On February 11, the DAR members, who hold their meetings at St. Timothy’s Lutheran Church in Vinton, met at the church and carpooled to deliver 49 blankets to residents at the center. They were greeted by VVCC Activity Director Susan Reynolds, who facilitated their visit.

Member Judy Bishop purchased the patriotic fleece fabric online in July. The group met at Jan Carter’s home in August to trim and fringe the blankets (she is the Blanket Project chairman) which they knotted at their November meeting at the church, affixing labels indicating that they were made by the chapter.

The Virginia Veterans Care Center is one of two state homes for veterans in Virginia. The mission of the VVCC is “to provide affordable, high quality, comprehensive nursing and domiciliary care to Commonwealth of Virginia residents who are admitted to the VVCC.” It was officially opened on Veterans Day in 1992.

There are four separate units at the VVCC: two nursing home/rehab units, a Dementia and Alzheimer’s Unit with an enclosed Wandergarden, and an Assisted Living Unit. The VVCC has 240 beds with about 20 beds available in the assisted living unit.

Residents come from all branches of the service. There are still several World War II veterans at the center.

Residents go through an application process. They must have been born in Virginia or have done their basic military training in the Commonwealth, or have resided in Virginia for at least one year. They must also have been honorably discharged from the service.

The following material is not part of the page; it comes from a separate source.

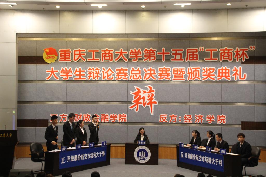4月7日下午两点,英国365集团公司第十五届“工商杯”老员工辩论赛总决赛暨颁奖典礼在博智楼7100隆重举行。公司与经济公司以“开放廉价航空市场利大于弊还是弊大于利”为辩题展开激烈辩论。团市委宣传部副部长林子琪,重庆邮电大公司辩论队教练齐东文,公司法公司党总支书记李自维,通识公司党总支副书记邹奇,校辩论队教练李长坤应邀担任本次决赛的评委。

When the DAR members arrived at the VVCC, they visited each unit to distribute the blankets they had made, presenting them to individual veterans, thanking them for their service, and interacting to hear their stories. One resident shared that she and her late husband both served in the United States Navy and that their granddaughter is now in the armed forces. Another veteran told the visitors that his mother had been a member of the DAR.

In the spirit of the season, members also brought Valentine cards to be handed out.

DAR member Lisa Gascoyne was an activities director at the VVCC about 15 years ago, and reminisced about the programs she had led in the nursing home/rehab unit. She explained that her task was to improve their quality of life– to “get the patients to want to get out of bed.” She developed a program in which residents could exercise their whole bodies while remaining seated. There was wheelchair dancing and a favorite “Girl Watchers Club” mobility activity.

The local NSDAR group is a vibrant and growing chapter, with several prospective new members in the process of completing the paperwork that documents their lineage to a patriot of the American Revolution. They meet generally on a monthly basis at St. Timothy’s on Hardy Road in Vinton.

In December, they celebrated the 55th anniversary of the founding of their chapter in Vinton, back in 1961.

Their Roanoke Chapter works with six schools, including William Byrd High School, where a DAR Good Citizenship Award and scholarship is presented each year to a student chosen by their peers. They also present the WBHS Air Force JROTC Medal Award each spring.

In the past year, in addition to the VVCC, the chapter has supported Ronald McDonald House and the Veterans Hospital. Local DAR members have participated in the W.E. Cundiff Elementary School Breakfast for Veterans, and Project Patriot USA, as well as serving as Commemorative Partners with the United States of America Vietnam War Commemoration and supporting deployed troops from Andrews Air Force base.

Sharon Menzies is the current Regent of the local NSDAR. Her husband Gordon is a veteran, having served tours of duty in Vietnam, Germany, and Panama. Her daughter Heather is a flight nurse in the United States Air Force Reserves, currently deployed in the Middle East.